We preprocessed the RecSys data to produce a file that is already compatible with Vowpal Wabbit’s. For ease of explanation we decided to use a pretty basic feature set, but if you are interested in finding a precise solution to this problem I suggest that you check out the winning solution for the RecSys 2015 challenge .

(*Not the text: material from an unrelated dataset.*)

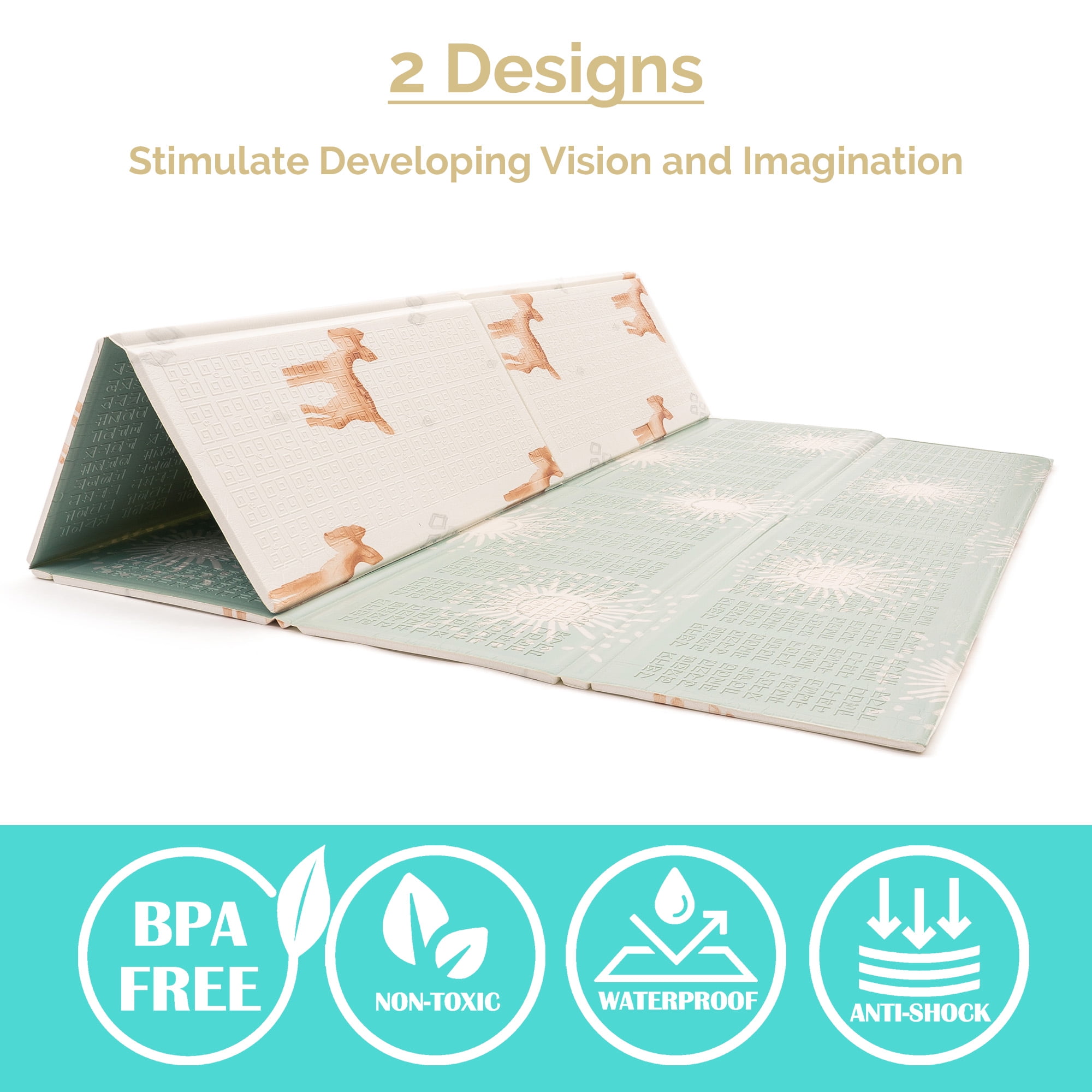 Spacious Kid Play Mat – Give your little one plenty of space to play, nap, or crawl. This extra large baby playmat offers a spacious area for family bonding, making it a must-have for new moms. Easy to Pack – This crawling mat adopts a foldable design for easy and compact storage, collapsing to 35″ x 15.25″ x 6″. Store it under the crib, in the room, or load it into the car for outdoor trips. Versatile Usage – Designed for infant activities like tummy time, crawling, learning to walk, playing, and sleeping, ensuring your baby’s comfort all the time. Safe & Secure – Non-Toxic, BPA, Phthalate, and Odor-Free. The thick XPE foam padding and non-slip textured surface provide a secure and reassuring play area for your infants and toddler kids. Multi-Functional Floor Mat – Suitable for indoor and outdoor use like family outings, travel, picnics, beaches, parks, daycare centers, gyms, bedrooms, living rooms, kindergartens, and more. Effortless Clean-Up – Say goodbye to stains and messes. This soft foam mat is lightweight and waterproof, ensuring easy clean-up for parents. Foldable and Portable – With this unique accordion-style folding design, you can take this padded baby floor mat with you anywhere you travel with babies and toddlers. Reversible Design – Engage your babies as they explore this beautiful design with neutral colors on both sides. It’s the perfect playtime companion for your baby.

We will use the purchase information included in buys.vw to fit a VW model, every data point in this file represents a purchase with a quantity, session id and item id:
[quantity] |s [session id] |i [item id]
We will add the – -rank K argument to use Vowpal Wabbit in matrix factorization mode where K denotes the number of latent features. We also need to specify at least one pair of variable interactions between namespaces, in this case –interactions is represents interactions between namespace i and namespace s .
$ vw -d buys.vw --rank 20 --interactions is
The previous command fits a model with quadratic interactions for 20 latent features. Vowpal Wabbit does not output the matrix factorization weights by default, but we can use the gd_mf_weights script included in the library directory to dump all the information that we need:
$ ~/vowpal_wabbit/library/./gd_mf_weights \ -I buys.vw --vwparams '-d buys.vw --rank 20 --interactions is'
If you have trouble finding the path for gd_mf_weights:
$ find ~/ -name gd_mf_weights
The file i.quadratic should be among the files that gd_mf_weights writes out, this a compressed representation of every item and can be used to find pairs of items that are similar to each other and recommend those to users given their past browsing and purchasing history.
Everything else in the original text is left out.